═══ DATA FOR THIS TASK
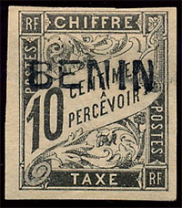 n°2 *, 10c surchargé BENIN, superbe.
══════
═══ DATA FOR THIS TASK
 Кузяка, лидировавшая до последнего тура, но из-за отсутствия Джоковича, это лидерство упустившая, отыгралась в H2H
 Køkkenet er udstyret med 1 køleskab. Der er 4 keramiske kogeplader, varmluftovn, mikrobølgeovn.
══════
═══ DATA FOR THIS TASK
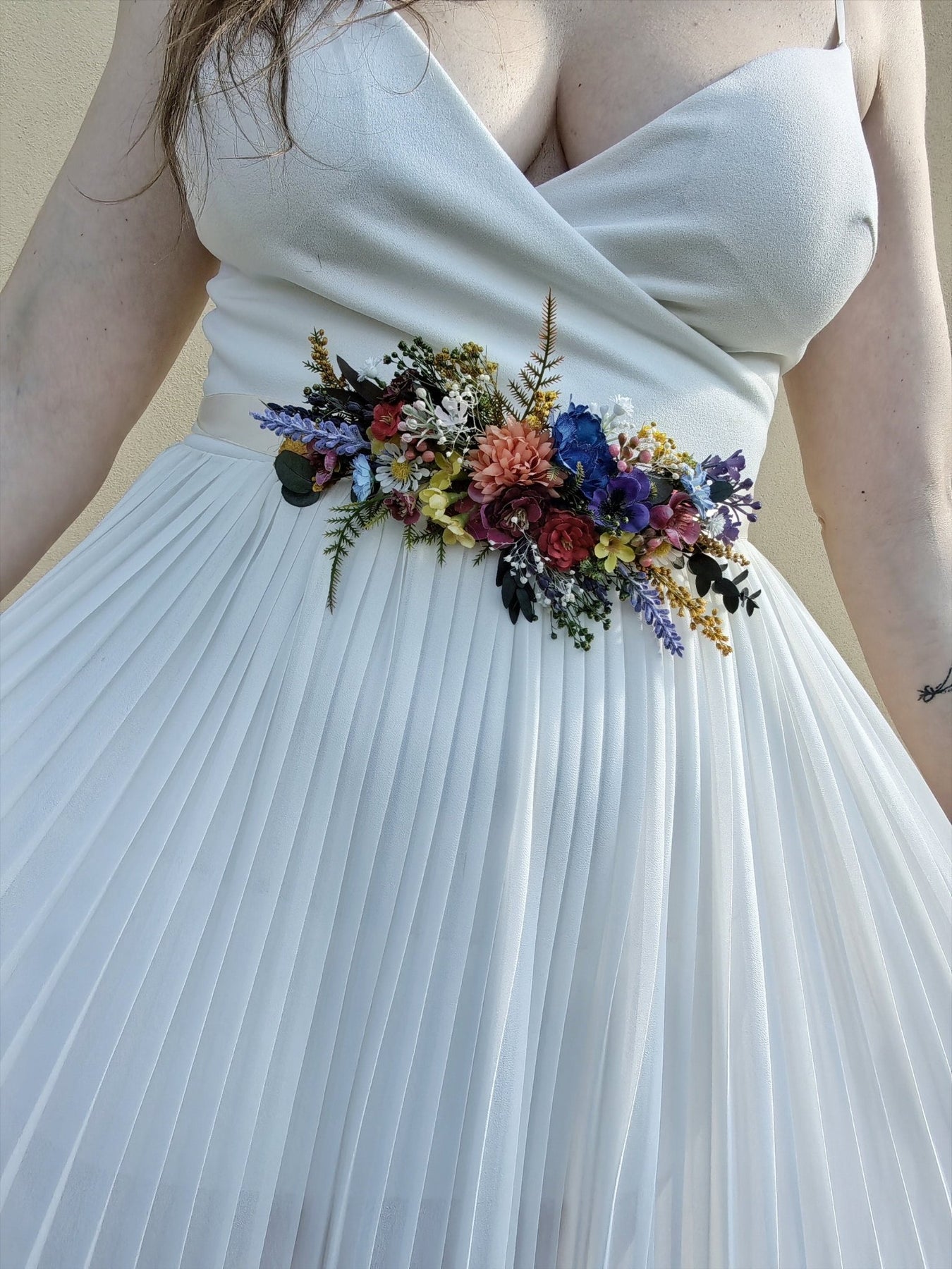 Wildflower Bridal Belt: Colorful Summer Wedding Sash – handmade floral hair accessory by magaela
══════
EXERCISE DESCRIPTION
What is needed is an exact copy of the lines above, from the one containing "Кузяка, лидировавшая до" through the one containing "Køkkenet er udstyret", with nothing added.

SOLUTION TO THIS EXERCISE
 Кузяка, лидировавшая до последнего тура, но из-за отсутствия Джоковича, это лидерство упустившая, отыгралась в H2H
 Køkkenet er udstyret med 1 køleskab. Der er 4 keramiske kogeplader, varmluftovn, mikrobølgeovn.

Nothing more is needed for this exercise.